Even serious collectors of music (and yes, I am one) could not help but love the portability as the CD fit into blasters, compact personal players, and even the automobile. I never stopped listening to my old records, but more and more began to appreciate the ease of popping a CD into the player.
There were downfalls to the new format however, and it had more to do with packaging than product. The covers of the discs were no longer 12-inch square samples of some of the most advanced pop art and photography on the planet. Liner notes became things of the past. Yes, some discs included booklets with lyrics printed in a type size usually reserved for fine print on legal contracts or ingredient lists on processed food, and some discs even included stickers, but nothing like the posters and stickers provided in the aforementioned Dark Side of the Moon.
A large part of the value of a vinyl record was the sleeve. I could, and did, literally, sit for hours reading about who played what instrument, ponder the poetic lyrics, or just stared at glorious photographs while sitting and listening to the latest album by a favorite artist.
To listen, to truly experience music on a turntable, requires you be in one specific place. Enjoyment is found in being stationary. There is not, nor has there ever been, portability when it comes to a turntable; not like a cassette, or 8-track, CD, MP3, or any other type of digital download. Even the portable record players of the ‘60s and ‘70s — the carry-on sized units with Lucite handles and tweed speaker covers — were not really portable (in the sense we now know) and required a definite stillness.
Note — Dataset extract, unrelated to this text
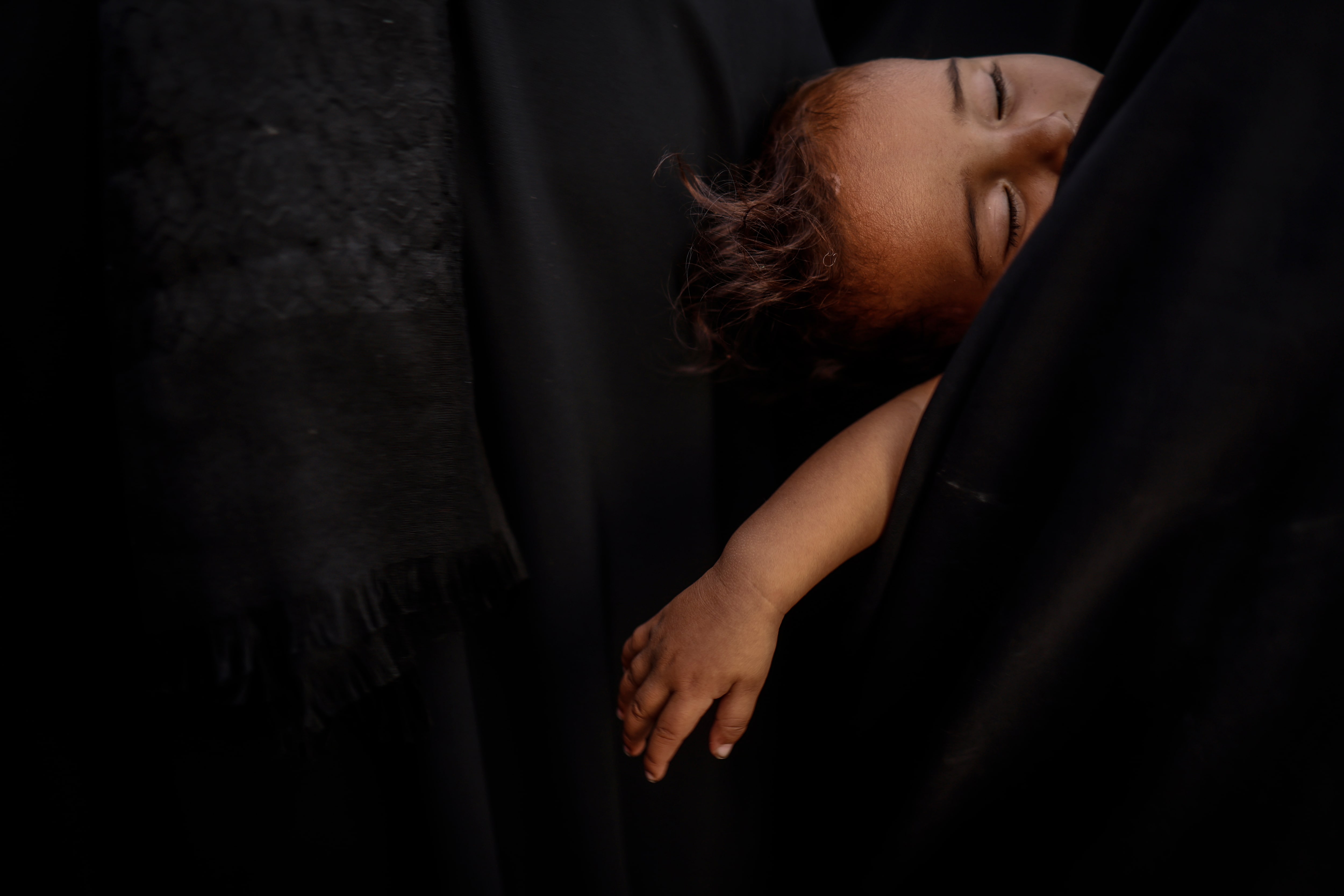 2025年8月11日,在伊拉克聖城卡爾巴拉,一名婦女在阿爾巴因節聖儀前的哀悼儀式中抱着孩子。路透社/Alaa al-Marjani

When you sit, when you are still, there is a more focused attempt at listening. It was not passive listening, as we have come to do as we drive, as we multi-task, and make our way to work, or sunburn at the beach.
The stillness required of a turntable provided time to relax and just breathe in the music. It’s important to find the time to sit and relax, and ultimately, the turntable did that.
Now, I’m not dissing digital, not completely. My MacBook is stuffed with music that discs and downloads have allowed me to take anywhere.
And, as far as sound goes, I still prefer listening to classical, or jazz, on the CD format. I think, especially with the more gentle passages, you are given a superior listening experience. But when it comes to rock and roll, nothing (I repeat; nothing) sounds better than vinyl (except, maybe, live).
Rock and roll has always been a little bit dirty, a little scuffed up, maybe a little distorted, and a heck of a lot wilder. Somehow the scratches, the snap, crackle, and pop of a vinyl record (especially at higher volume) adds to the total experience.
It’s rough and real, and it rocks.
I write this as I listen to Patty Smith’s Easter, a previously-loved album I picked up a few weekends ago for $10 at one of this city’s great independent record stores. I paid a few dollars less for the record when it was new in 1978, but what’s a few bucks when magic is involved?
© 2015 j.g. lewis
“You can’t touch music — it exists only at the moment it is apprehended — and yet it can profoundly alter how we view the world and our place in it. Music can get us through difficult patches in our lives by changing not only how we feel about ourselves, but also how we feel about everything outside ourselves. It’s powerful stuff.”